A Retrospective as Things Come To An End
- Corey Nicholas
- Dec 12, 2024
- 2 min read
From ev’ry depth of good and ill
The mystery which binds me still—
From the torrent, or the fountain—
From the red cliff of the mountain—
From the sun that ’round me roll’d
In its autumn tint of gold—
From the lightning in the sky
As it pass’d me flying by—
From the thunder, and the storm—
And the cloud that took the form
(When the rest of Heaven was blue)
Of a demon in my view—
- Edgar Allan Poe We’ve reached the end of the semester, and the beginning of a time of great reflection. I suppose it isn’t unusual as things come to a close that we look back, and that looking back often leads us down roads which we have not gone in a very long time. December in Maine is dark, cold and gray. The winter chill brings about a sense of melancholy; a state in which I have always felt more comfortable. It is somber. It is still. I’m reminded once again of my childhood, where I first read Alone by Edgar Allan Poe. I related to it instantly. A solitary person, comfortable in his own isolation, aware that is he quite different from those around him and that it might be the root of that very isolation.
All I loved, I loved alone.
It should be evident by now that I am quite fond of words. Books have always sustained me. They’ve been my companion when, like Maine in the winter, my own life was dark, cold and gray. The plains of Ohio are flat, and dull. They stretch on for miles. A person in my situation has to get used to loneliness. I mean – come on- I was never going to work on a farm or learn to play football. The isolation I have described would be chilling for some, devastating for some, but for me it was a source of inspiration. I lived life at a much slower pace and was therefore able to take more of it on. I got a glimpse of the world that very few are able to see. I saw the flaws, and the beauty, in a way that allowed me to understand humanity on a deeper level. I’m grateful for that. It doesn’t make me better, or smarter than anyone else.

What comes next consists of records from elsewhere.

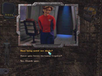 DARK SIDE OF THE MOON![]() Uitgever: SouthPeak / 1998 Ontwerper: SouthPeak Platform: PC. Systeemeisen: --- Windows 95/98 - Processor: Pentium 166 MHz - 32 MB RAM - Videokaart: 2 MB SVGA 16-bit display - 16-bit Windows compatible geluidskaart - 8x CD-ROM drive - 150 MB opslagruimte. Categorie: Science fiction, mysterie, maanbasis, getekend realisme en FMV, 1ste persoon, point & click. Beschrijving: In de intro zien we een man wegrennen van iets onbekends, maar absoluut buitenaards. Omdat er echter geen ontsnapping mogelijk was van het wezen, blies hij zichzelf op. Dan begnt het spel en lijkt het erop dat het je oom Jacob was. Jouw naam is Jake en blijkbaar heeft hij alles aan jou nagelaten. Hij was een van de belangrijkste eigenaren van ertsmijnen op Luna Crysta in een ander sterrenstelsel. Sommigen zeggen dat die mijnen waardeloos zijn en dat hij daarom zelfmoord pleegde. Jake gelooft niet in dat 'zelfmoord'-verhaal, dus neem hij een shuttle naar Luna Crysta om het mysterie op te lossen en de waarheid te achterhalen. Waarom werd oom Jacob vermoord en wat was er zo belangrijk aan wat hij vond/ontdekte en waarvoor hij werd vermoord?
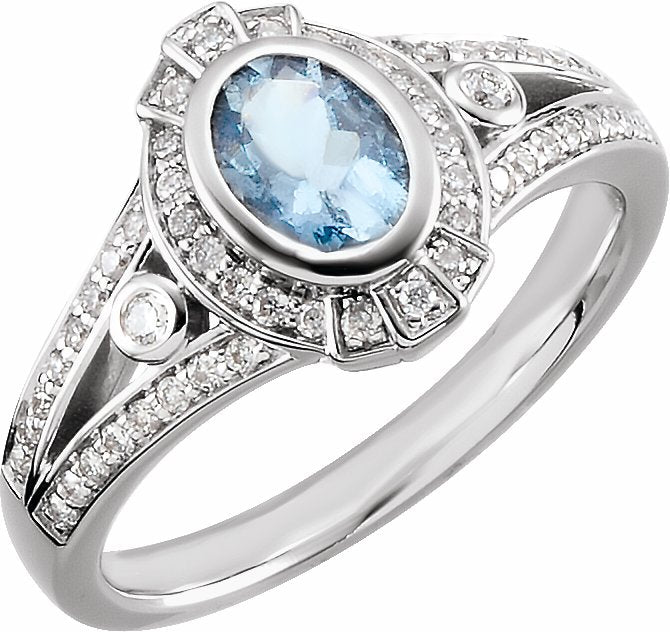66146 / 14K White / 1/3 Ct Tw/07.00X05.00 Mm / Polished / Genuine Aqua & Diamond Ring
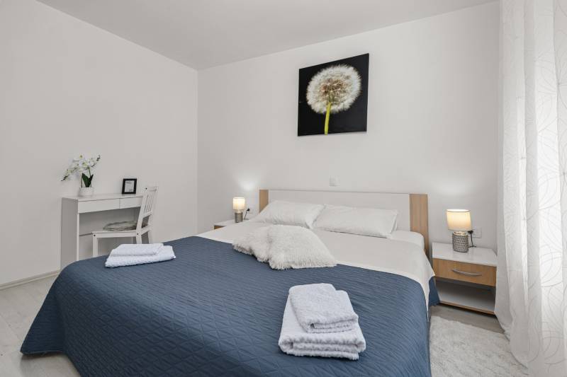 Na gornjem katu nalaze se dvije dvokrevetne spavaće sobe i dvije kupaonice.
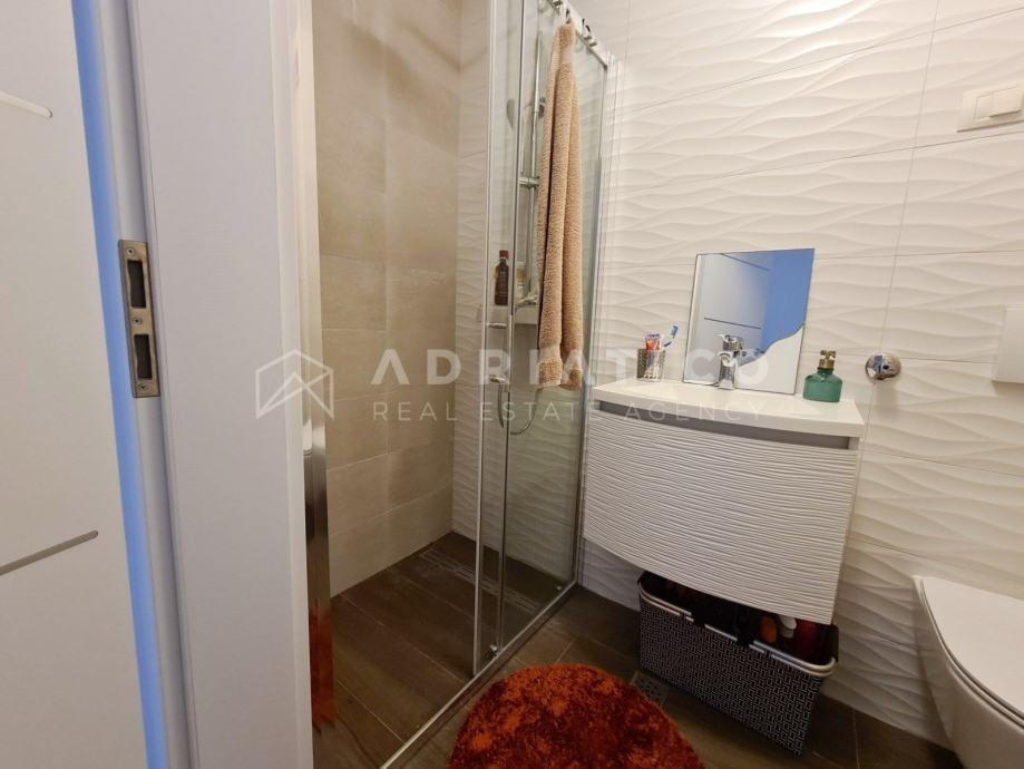 Ova uredna, svijetla i prostrana nekretnina smjestila se u mirnom predjelu grada, u blizini svih potrebnih sadržaja i na samo 10ak min hoda od mora ili centra.
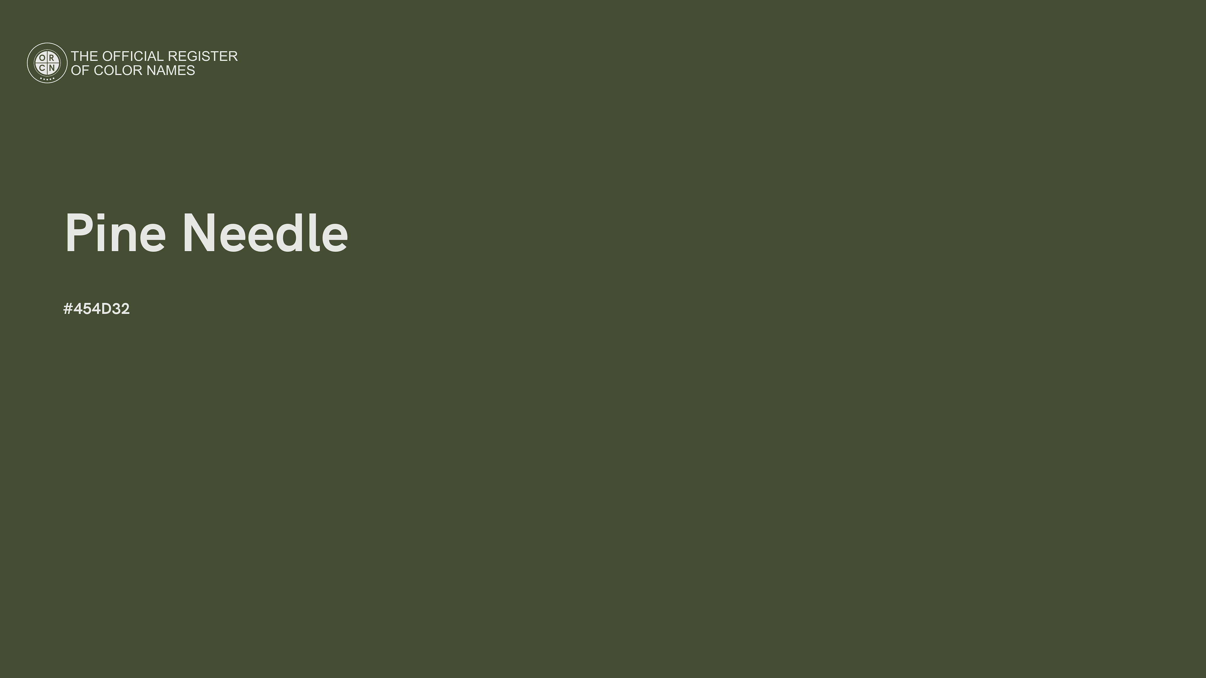 The digital color HEX #454D32, known as "Pine Needle", belongs to the Chartreuse Color Family featuring Low Saturation (Saturation Family) and Neutral (Brightness Family).
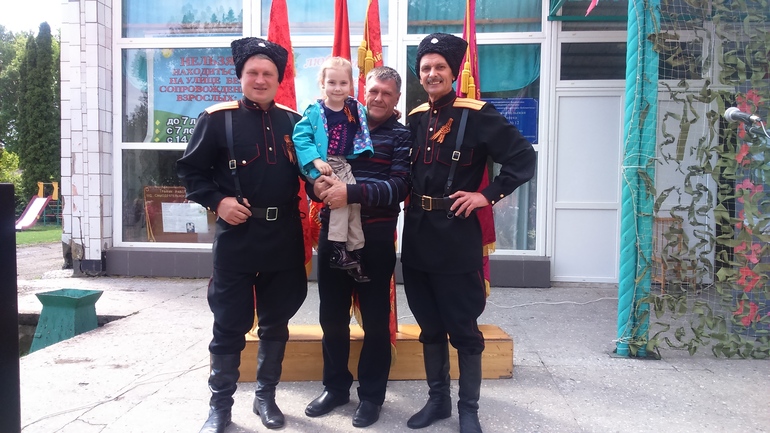 Мы ездили на папину малую родину,в Ленинградский район нашего края, посёлок Бичевой, он же совхоз Красноармеец. Так как день совпал с поминальным днем, то попали на парад сюда. Ветеранов в поселке осталось 2 или 3, из них один - папа моей крестной, тесть моего дяди родного. Был тружеником тыла. А мой дедушка уже давно нас покинул, положили цветы ему на могилку и прикрепили Георгиевскую ленточку.
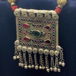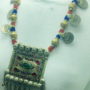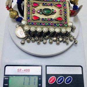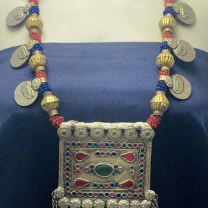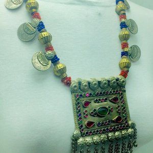 This triangular-shaped tribal piece was handcrafted by extremely talented artisans from Central Asia. This rustic-hued Kuchi tribal massive necklace is comprised of uniqueness and beauty. It depicts history and tribal feel. The necklace has a large pendant at the bottom with multihued glass stones and beaded charms hanging at the both sides.
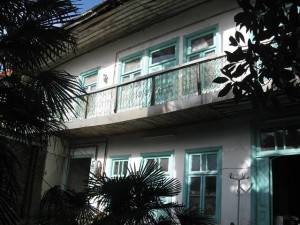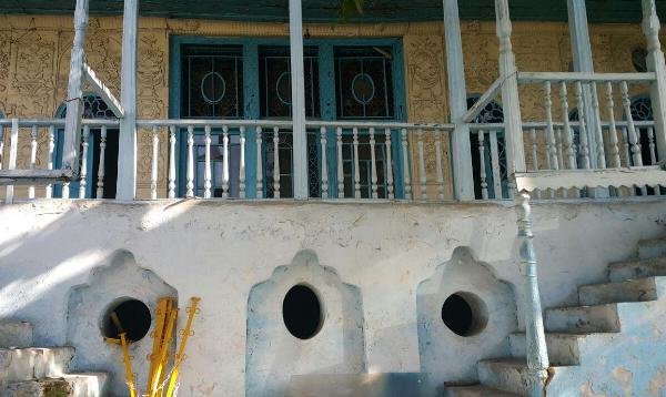 در هر طبقه ایوان باریکی در ضلع رو به حیاط بنا قرار داشت. ستونهای ایوان طبقهی همکف، به صورت آجری و در طبقه اول از ستونهای چوبی ساده استفاده شده بود. خانم ژنی در این عمارت تنها زندگی میکرد و پیش از فوت خانه را به سرایدارش بخشیده بود.
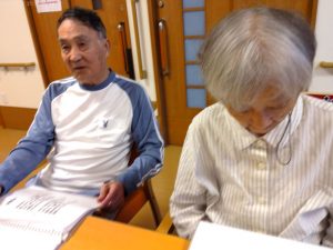 合唱はみなさん大好きで なん十曲も歌われます!喉がカラカラになるので 水分を摂りながら
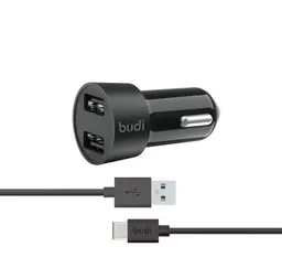 شارژر فندکی 24 وات بودی مدل Budi M8J622TB با 2 خروجی USB به همراه کابل USB به USB مشکی
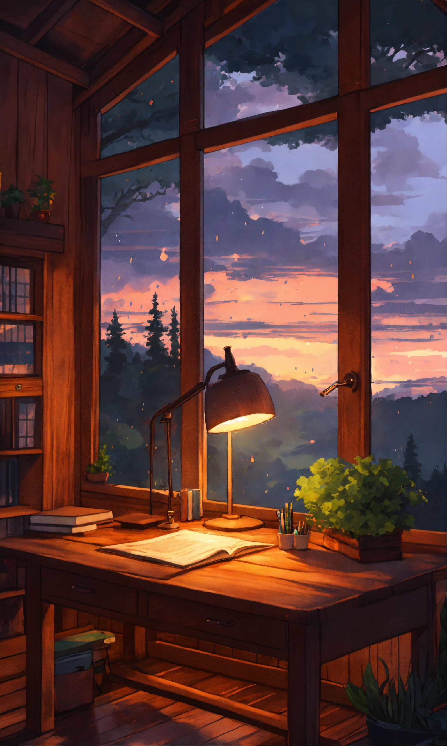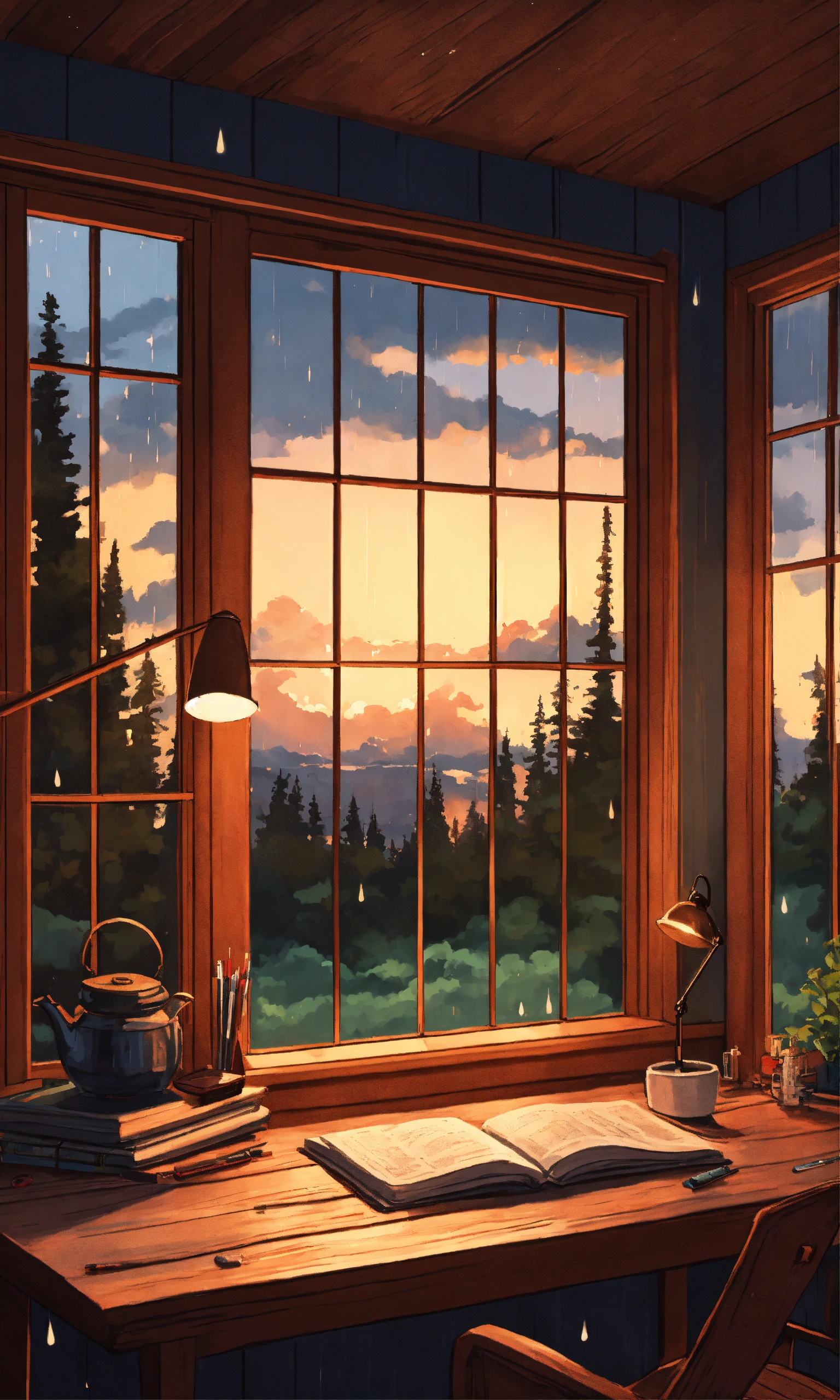 Cozy wooden nordic cabin, anime, studio ghibli, minimalistic, raining outside, dark cloudy evening sunset, big window view with study desk, washed acrylic image, forrest outside, anime lofi artwork
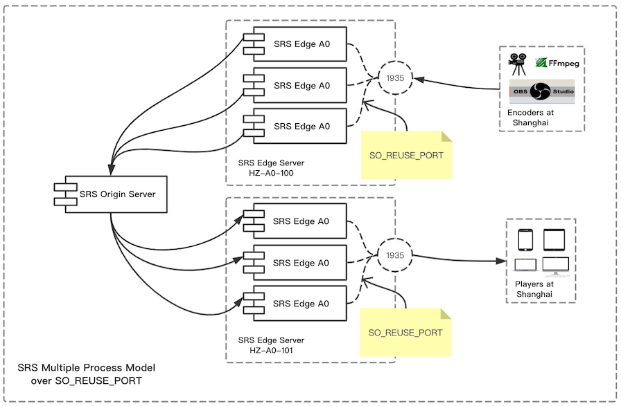 The performance of SRS2 is improved huge, but is it enough? Absolutely NOT! In SRS3, we provide OriginCluster for multiple origin servers to work together, and go-oryx as a tcp proxy for edge server, and these are not good enough, so we support SO_REUSEPORT feature for multiple processes edge server.
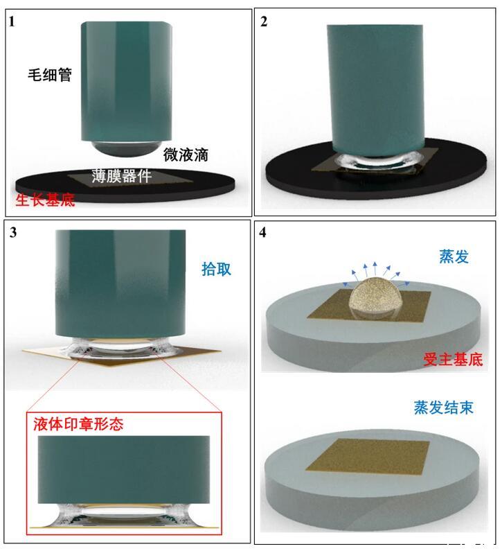 針對當前轉(zhuǎn)印技術中存在的問題,研究人員結(jié)合接觸式和非接觸式轉(zhuǎn)印的特點,提出了一種基于表面張力的液滴轉(zhuǎn)印方法,利用液體的流變特性,通過毛細管對液滴形態(tài)的控制,調(diào)控固-液界面的粘附力,從而實現(xiàn)柔性器件的轉(zhuǎn)印,該方法減少了超薄柔性器件的轉(zhuǎn)印過程中印章對器件的損傷,同時也為曲面電子器件的制造提供了新的思路。
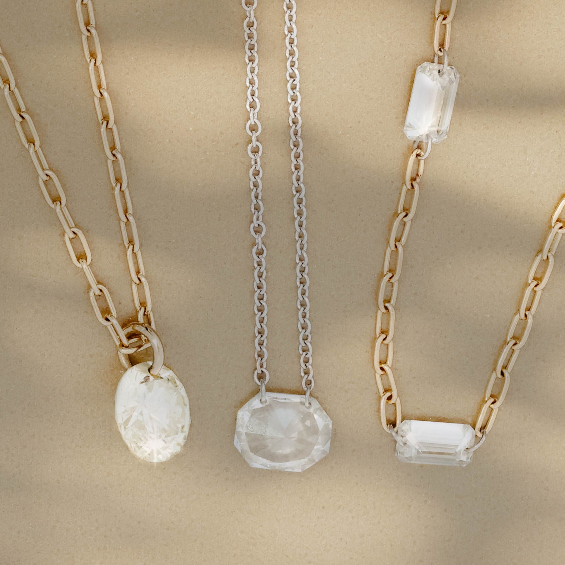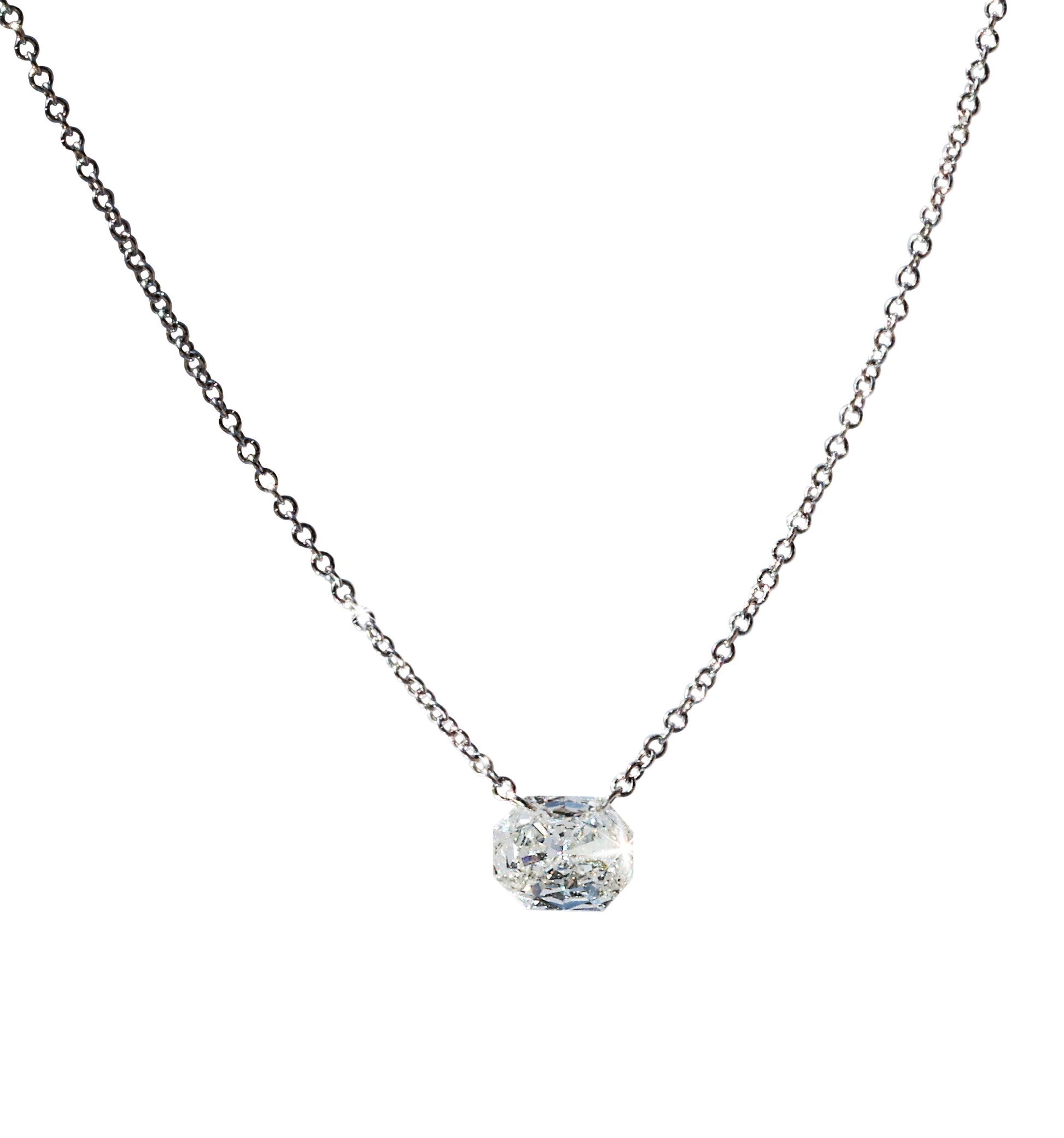 A 14k white gold cable chain necklace with a .62carat octagon cut diamond, E color VS2 clarity, on platinum rings.

Like Poe, I recognize that it was both a blessing and a curse. I’m far removed from that life now, and I do enjoy my comrades, though they are few and far between. I am still much more comfortable by myself in a candle lit room in an admittedly comfortable leather chair, with my typewriter and my notebooks and pens and books that are so old you can smell the history in them. My school term is ending, and Orono begins to slow down for the next month, I know that feeling of loneliness will return to me and when it does, I will accept it. No more. No less.